▶ Aim of the exercise
Could you restate word for word each line from the top of the listing below through the line containing "Парики для косплея"? Keep the pictures out.

▶ Given information
──────
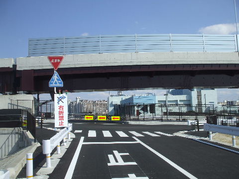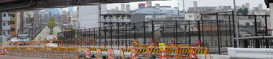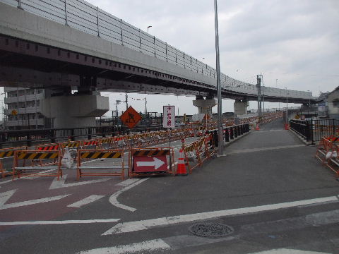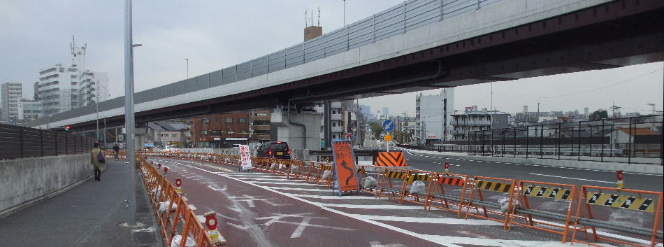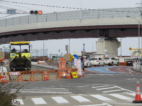 | 2017年03月28日。仕切って一車線だけにした下の車線と欄干の向こうの立体車線を下りてきた車線。 |
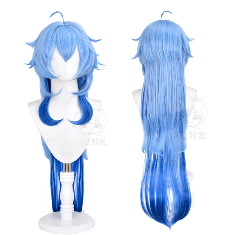 Парики для косплея Genshin Impact Ganyu, парик для косплея Gan Yu, градиентные синие длинные термостойкие синтетические волосы, парики + парик
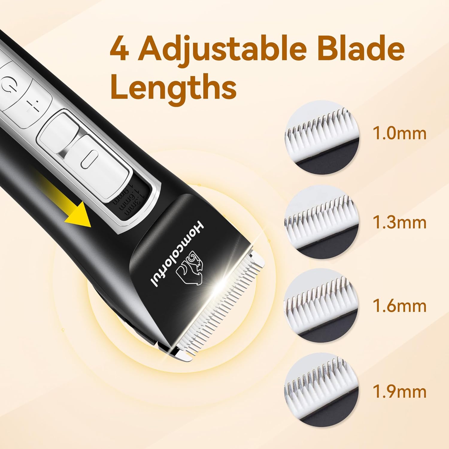 {Versatile Grooming Options} Homcolorful cat grooming kit includes 4 different guide combs (3/6/9/12mm) and blades lengths(1.0/1.3/1.6/1.9mm),which allow you to adjust different hair lengths for versatility.
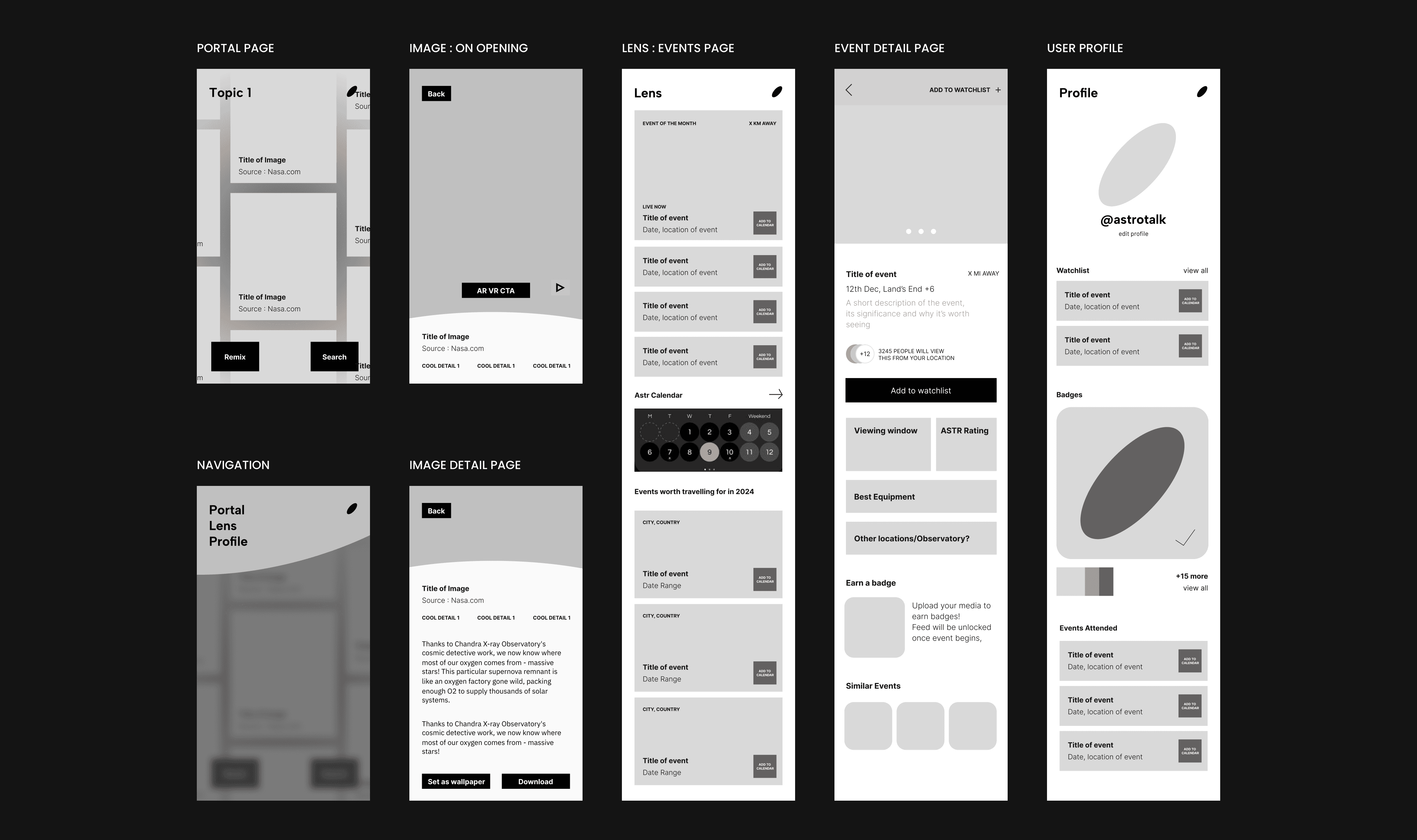 We narrowed down the app into three broad sections: the portal, the lens, and the profile page.
──────
▶ Answer box
 | 2017年03月28日。仕切って一車線だけにした下の車線と欄干の向こうの立体車線を下りてきた車線。 |
 Парики для косплея Genshin Impact Ganyu, парик для косплея Gan Yu, градиентные синие длинные термостойкие синтетические волосы, парики + парик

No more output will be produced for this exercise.